Directions for this task = Exactly the lines from the beginning of the material to the line with "Certamente di destra" are to be repeated, both ends included.

*** Records for the task Section Begins ***

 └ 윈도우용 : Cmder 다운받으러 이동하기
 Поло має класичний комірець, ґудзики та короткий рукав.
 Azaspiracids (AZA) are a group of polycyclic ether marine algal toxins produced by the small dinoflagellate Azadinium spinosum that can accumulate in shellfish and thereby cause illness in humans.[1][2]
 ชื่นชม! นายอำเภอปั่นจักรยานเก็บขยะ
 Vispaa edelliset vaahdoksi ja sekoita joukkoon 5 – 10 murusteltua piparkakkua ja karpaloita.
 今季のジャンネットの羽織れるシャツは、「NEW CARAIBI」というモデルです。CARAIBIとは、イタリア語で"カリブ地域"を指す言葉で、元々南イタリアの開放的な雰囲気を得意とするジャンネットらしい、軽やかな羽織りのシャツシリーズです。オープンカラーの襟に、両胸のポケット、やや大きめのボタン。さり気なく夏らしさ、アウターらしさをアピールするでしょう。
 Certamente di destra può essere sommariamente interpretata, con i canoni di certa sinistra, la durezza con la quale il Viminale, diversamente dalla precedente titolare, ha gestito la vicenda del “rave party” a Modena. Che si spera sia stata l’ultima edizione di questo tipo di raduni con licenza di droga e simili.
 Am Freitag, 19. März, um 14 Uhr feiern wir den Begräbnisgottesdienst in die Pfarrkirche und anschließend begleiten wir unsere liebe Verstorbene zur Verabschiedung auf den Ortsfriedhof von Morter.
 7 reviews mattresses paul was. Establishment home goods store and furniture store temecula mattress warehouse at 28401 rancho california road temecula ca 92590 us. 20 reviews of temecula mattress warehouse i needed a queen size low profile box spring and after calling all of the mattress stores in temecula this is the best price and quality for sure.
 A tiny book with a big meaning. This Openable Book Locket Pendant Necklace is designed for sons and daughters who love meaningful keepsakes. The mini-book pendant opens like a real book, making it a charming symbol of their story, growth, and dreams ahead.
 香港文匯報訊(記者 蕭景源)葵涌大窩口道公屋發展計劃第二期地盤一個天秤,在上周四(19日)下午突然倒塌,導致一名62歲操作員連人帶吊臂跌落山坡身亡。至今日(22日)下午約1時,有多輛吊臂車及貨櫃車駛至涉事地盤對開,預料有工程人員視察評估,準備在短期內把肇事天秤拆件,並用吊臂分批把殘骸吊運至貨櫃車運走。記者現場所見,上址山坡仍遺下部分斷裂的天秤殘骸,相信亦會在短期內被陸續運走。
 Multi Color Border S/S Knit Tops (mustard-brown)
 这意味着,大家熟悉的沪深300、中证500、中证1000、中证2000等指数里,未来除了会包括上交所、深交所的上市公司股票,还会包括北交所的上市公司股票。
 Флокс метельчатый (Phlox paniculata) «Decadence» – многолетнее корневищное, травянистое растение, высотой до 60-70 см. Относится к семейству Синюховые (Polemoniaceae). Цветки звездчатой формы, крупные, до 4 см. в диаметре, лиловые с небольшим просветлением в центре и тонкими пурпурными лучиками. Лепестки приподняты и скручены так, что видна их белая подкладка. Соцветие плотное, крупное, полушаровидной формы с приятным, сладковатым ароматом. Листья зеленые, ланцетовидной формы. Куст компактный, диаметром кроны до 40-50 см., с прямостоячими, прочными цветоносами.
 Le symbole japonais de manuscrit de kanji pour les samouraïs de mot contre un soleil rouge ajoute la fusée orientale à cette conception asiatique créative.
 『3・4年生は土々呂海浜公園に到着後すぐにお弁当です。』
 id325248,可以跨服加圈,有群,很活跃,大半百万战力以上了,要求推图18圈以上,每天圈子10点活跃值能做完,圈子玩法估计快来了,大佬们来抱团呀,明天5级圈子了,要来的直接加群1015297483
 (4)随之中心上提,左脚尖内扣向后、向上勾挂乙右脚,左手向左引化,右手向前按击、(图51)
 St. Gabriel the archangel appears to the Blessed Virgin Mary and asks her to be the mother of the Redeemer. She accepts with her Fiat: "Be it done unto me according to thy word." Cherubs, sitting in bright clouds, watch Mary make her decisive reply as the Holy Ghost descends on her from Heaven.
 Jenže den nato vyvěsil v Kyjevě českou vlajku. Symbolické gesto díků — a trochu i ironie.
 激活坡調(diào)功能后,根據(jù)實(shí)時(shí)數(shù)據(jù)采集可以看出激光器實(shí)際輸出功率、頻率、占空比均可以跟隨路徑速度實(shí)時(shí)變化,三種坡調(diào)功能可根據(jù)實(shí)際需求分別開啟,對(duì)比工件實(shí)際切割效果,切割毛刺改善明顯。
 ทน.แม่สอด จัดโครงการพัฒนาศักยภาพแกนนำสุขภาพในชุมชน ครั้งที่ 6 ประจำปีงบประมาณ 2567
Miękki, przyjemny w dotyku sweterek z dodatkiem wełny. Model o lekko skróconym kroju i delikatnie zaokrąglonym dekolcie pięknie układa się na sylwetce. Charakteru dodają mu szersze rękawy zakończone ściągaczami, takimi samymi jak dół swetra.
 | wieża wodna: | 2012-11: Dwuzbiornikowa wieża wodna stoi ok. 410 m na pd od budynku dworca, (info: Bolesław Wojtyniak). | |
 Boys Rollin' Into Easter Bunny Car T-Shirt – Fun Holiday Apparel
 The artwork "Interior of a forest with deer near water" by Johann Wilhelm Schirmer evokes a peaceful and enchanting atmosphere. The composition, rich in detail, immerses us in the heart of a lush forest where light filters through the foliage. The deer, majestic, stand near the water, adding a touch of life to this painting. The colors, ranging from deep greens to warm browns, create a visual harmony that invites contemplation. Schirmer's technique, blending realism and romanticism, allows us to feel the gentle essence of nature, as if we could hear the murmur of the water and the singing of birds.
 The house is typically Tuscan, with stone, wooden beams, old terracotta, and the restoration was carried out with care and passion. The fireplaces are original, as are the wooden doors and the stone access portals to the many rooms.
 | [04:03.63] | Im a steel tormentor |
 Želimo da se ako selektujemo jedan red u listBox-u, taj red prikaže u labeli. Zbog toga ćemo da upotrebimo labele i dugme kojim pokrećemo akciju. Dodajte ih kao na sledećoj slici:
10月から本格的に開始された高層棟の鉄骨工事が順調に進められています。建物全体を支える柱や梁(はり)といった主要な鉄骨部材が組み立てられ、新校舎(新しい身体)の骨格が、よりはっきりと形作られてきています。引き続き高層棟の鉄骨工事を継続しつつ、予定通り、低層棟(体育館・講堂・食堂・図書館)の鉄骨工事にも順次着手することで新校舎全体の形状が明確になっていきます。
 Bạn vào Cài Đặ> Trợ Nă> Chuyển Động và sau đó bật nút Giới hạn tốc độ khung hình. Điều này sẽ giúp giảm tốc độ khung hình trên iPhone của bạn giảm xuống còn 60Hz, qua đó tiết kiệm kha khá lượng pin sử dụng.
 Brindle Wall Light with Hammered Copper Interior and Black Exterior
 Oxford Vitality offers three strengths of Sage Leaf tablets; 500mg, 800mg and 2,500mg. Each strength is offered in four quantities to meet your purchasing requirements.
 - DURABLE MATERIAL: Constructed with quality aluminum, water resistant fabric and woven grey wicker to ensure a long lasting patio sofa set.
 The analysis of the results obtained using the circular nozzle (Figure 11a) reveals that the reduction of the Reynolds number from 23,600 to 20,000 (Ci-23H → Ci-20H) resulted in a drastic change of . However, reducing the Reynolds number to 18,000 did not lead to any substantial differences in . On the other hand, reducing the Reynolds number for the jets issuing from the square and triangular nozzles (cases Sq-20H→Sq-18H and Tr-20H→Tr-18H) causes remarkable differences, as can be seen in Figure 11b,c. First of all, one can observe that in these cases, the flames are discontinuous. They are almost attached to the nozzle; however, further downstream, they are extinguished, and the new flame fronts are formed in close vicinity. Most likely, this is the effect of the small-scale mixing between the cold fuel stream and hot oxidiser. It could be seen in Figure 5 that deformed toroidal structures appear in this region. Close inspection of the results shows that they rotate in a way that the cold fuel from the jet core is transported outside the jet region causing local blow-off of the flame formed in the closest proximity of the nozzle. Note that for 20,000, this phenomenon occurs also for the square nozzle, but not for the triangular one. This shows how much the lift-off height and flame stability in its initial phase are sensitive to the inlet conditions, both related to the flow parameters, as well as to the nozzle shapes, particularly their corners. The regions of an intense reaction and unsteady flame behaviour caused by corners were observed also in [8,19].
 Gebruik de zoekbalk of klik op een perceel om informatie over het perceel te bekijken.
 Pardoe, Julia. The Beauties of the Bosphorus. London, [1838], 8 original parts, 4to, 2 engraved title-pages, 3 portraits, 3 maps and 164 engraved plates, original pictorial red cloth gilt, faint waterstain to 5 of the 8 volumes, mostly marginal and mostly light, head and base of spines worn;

*** Records for the task Section Ends ***

The completed task =
 └ 윈도우용 : Cmder 다운받으러 이동하기
 Поло має класичний комірець, ґудзики та короткий рукав.
 Azaspiracids (AZA) are a group of polycyclic ether marine algal toxins produced by the small dinoflagellate Azadinium spinosum that can accumulate in shellfish and thereby cause illness in humans.[1][2]
 ชื่นชม! นายอำเภอปั่นจักรยานเก็บขยะ
 Vispaa edelliset vaahdoksi ja sekoita joukkoon 5 – 10 murusteltua piparkakkua ja karpaloita.
 今季のジャンネットの羽織れるシャツは、「NEW CARAIBI」というモデルです。CARAIBIとは、イタリア語で"カリブ地域"を指す言葉で、元々南イタリアの開放的な雰囲気を得意とするジャンネットらしい、軽やかな羽織りのシャツシリーズです。オープンカラーの襟に、両胸のポケット、やや大きめのボタン。さり気なく夏らしさ、アウターらしさをアピールするでしょう。
 Certamente di destra può essere sommariamente interpretata, con i canoni di certa sinistra, la durezza con la quale il Viminale, diversamente dalla precedente titolare, ha gestito la vicenda del “rave party” a Modena. Che si spera sia stata l’ultima edizione di questo tipo di raduni con licenza di droga e simili.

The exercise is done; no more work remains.